The graph shows that widespread patching didn’t fully kick in until after the WannaCry attacks began.
Fom WannaCry, Langston identified some key no-nos: A slow identification of all at-risk assets; a tendency by IT operations teams to treat all issues with similar urgency; and a complacency among end users to delay rebooting their machines to finish the patching process.
Strut your firewall
Langston then discussed the Struts web application vulnerability that was exploited most famously at Equifax, leading to that consumer credit reporting agency’s massive data breach. On the same day that Struts was disclosed, and a patch made available, an exploit was also released, so the risk was high.
Because web application vulnerabilities tend to be difficult to remediate, often requiring a rebuild and long testing cycles, Struts highlights the importance of mitigation. In this case, a good plan would have been to use a web application firewall, while patching was in progress, he said.
Meltdown and Spectre: All bark and no bite?
Then there are the Spectre and Meltdown vulnerabilities, which caused widespread alarm upon their disclosure in early January of this year, but for which there are only ineffective proof-of-concept exploits so far.
In the panic that was created, vendors such as Microsoft and Intel released faulty patches that IT departments rushed to apply, only to have to react after they caused system problems, including data corruption and performance issues.
Qualys data of vulnerability scans for Meltdown shows an initial push to install OS patches, followed by a long plateau of inactivity, as organizations probably weighed the fact that there were no exploits, and that the patches were problematic.
A big lesson from Meltdown and Spectre? “Just because it’s in the news doesn’t mean it’s an emergency,” Langston said.
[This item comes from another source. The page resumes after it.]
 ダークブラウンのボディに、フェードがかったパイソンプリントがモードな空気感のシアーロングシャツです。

In other words, it’s an example of a scenario where the most prudent thing to do is to monitor the situation and wait, instead of rushing to patch.
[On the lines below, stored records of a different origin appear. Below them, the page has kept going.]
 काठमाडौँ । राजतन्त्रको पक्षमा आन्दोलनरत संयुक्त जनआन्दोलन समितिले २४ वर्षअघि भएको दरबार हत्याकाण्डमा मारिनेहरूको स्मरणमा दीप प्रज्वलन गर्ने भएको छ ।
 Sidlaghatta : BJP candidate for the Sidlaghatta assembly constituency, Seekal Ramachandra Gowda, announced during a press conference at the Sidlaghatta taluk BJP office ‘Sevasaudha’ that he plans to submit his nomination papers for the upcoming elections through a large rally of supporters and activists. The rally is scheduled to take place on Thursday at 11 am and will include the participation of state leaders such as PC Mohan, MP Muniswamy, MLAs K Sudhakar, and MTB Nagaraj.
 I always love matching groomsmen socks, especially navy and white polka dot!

Langston recommends these six tips for crafting the best response to a notoriously public vulnerability:
- Identify high-risk vulnerabilities often
- Track the specific risk to your organization
- Determine the best course of action
- Decide when to communicate with internal stakeholders
- Update regularly
- Work the plan and improve it
It’s also key to get buy-in from all the teams that will be involved in drafting, approving and executing the plan, including executives, security operations, DevOps, and IT operations. “Build the playbook together,” he said.
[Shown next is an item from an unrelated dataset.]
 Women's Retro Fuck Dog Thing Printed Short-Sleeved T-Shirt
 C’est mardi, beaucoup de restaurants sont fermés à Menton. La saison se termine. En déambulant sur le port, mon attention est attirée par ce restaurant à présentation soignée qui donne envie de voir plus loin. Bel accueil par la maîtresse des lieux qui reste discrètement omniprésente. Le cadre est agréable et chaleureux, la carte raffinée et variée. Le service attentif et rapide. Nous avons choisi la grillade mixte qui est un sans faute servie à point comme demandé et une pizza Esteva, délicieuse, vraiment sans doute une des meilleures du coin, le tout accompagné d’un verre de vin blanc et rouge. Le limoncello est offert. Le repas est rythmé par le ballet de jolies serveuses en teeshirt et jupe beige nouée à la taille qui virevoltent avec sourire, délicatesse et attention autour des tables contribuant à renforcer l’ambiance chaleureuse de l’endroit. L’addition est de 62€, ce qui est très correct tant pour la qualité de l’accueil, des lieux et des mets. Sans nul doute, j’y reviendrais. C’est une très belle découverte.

The response plan should have four main elements:
- Preparation, which involves ensuring that all assets are identified, that the triggers are documented and that the communication outreach is built
- Reaction, which involves working the playbook, deciding on the course of action (fix, wait or mitigate), and communicating with your users
- Revision, which involves reviewing the outcomes of the executed plan, and identifying improvement areas
- Improvement, which involves collaboration to refine the response, modifying the plan based on findings, and extending the plan to all high-severity vulnerabilities
This should all amount to a rational, measured response, instead of to a knee-jerk reaction that leads to erratic, misguided decisions and actions.
“If you don’t have some response plan, you end up bouncing off of each other, pointing fingers and slowing down the entire process,” he said.
Below is a checklist template that Langston suggests could be helpful in analyzing how to best respond to a “headline vulnerability”.
Here’s how that checklist might look when filled out by a hypothetical organization for the Meltdown vulnerability.
This information can also be enriched and expanded using automated dashboards with threat feeds and other resources that are updated in real time and that allow security teams to do in depth analysis of relevant data.
The goal is that in the face of a headline-blaring vulnerability, organizations can come up with a well thought and sensible plan. “A methodical approach leads to a rational response,” Langston said.